Final answer:
The maximum mass of ammonia produced from the given reactants is 623.39 g, with hydrogen as the limiting reagent. After the reaction, 151.76 g of nitrogen, the excess reactant, would remain unreacted.
Step-by-step explanation:
Calculating Mass of Ammonia Produced and Excess Reactants
To calculate the maximum mass of ammonia that can be produced from a mixture of nitrogen (N2) and hydrogen (H2), we need to determine the limiting reagent and use stoichiometry based on the balanced chemical equation: N2(g) + 3 H2(g) → 2 NH3(g).
- Convert the masses of N2 and H2 to moles using their molar masses (N2: 28 g/mol, H2: 2 g/mol).
- For 6.65 × 102 g N2: moles of N2 = 6.65 × 102 g / 28 g/mol = 23.75 mol of N2.
- For 1.10 × 102 g H2: moles of H2 = 1.10 × 102 g / 2 g/mol = 55 mol of H2.
- Use the molar ratio from the balanced equation to determine the maximum moles of NH3 produced from each reactant.
- Moles of NH3 from N2 = 23.75 mol N2 × (2 mol NH3 / 1 mol N2) = 47.5 mol NH3.
- Moles of NH3 from H2 = 55 mol H2 × (2 mol NH3 / 3 mol H2) = 36.67 mol NH3.
- The smallest mole value actually determines the maximum amount of NH3 that can be produced, which in this case is 36.67 mol NH3, indicating H2 is the limiting reagent.
- Convert the moles of NH3 back to grams using its molar mass (NH3: 17 g/mol).

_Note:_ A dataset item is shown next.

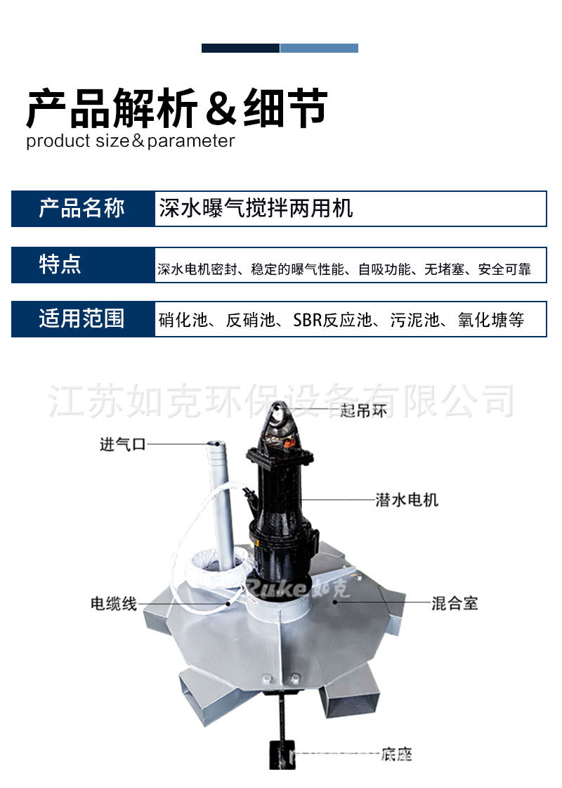 SBJ 型深水曝气搅拌机是机电技术和生化技术的集成产品,它专为解决高浓度有机废水,在生化处理过程中实现高 效率充氧的专用设备;主机采用双速电机设计,具有高速曝气低速搅拌的双重功效,加之潜水深度可达 20m 的工作性能,是传统曝气设备无可替代的产品SBJ 型深水曝气搅拌机主要应用在硝化/反硝池、SBR 反应池、污泥池、氧化塘以及需要进行深水曝气搅拌和要求氧转移率高的场所

- Maximum mass of NH3 = 36.67 mol × 17 g/mol = 623.39 g.
- To find out how much of the excess reagent, N2, remains, subtract the amount that reacted (based on the limiting reagent H2).
- Moles of N2 that reacted = 55 mol H2 / (3 mol H2 / 1 mol N2) = 18.33 mol N2.
- The original amount of N2 was 23.75 mol, therefore, remaining moles of N2 = 23.75 mol - 18.33 mol = 5.42 mol.
- Convert the remaining moles of N2 to grams: 5.42 mol × 28 g/mol = 151.76 g.
Thus, the maximum mass of ammonia that can be produced is 623.39 g, and 151.76 g of nitrogen would remain unreacted.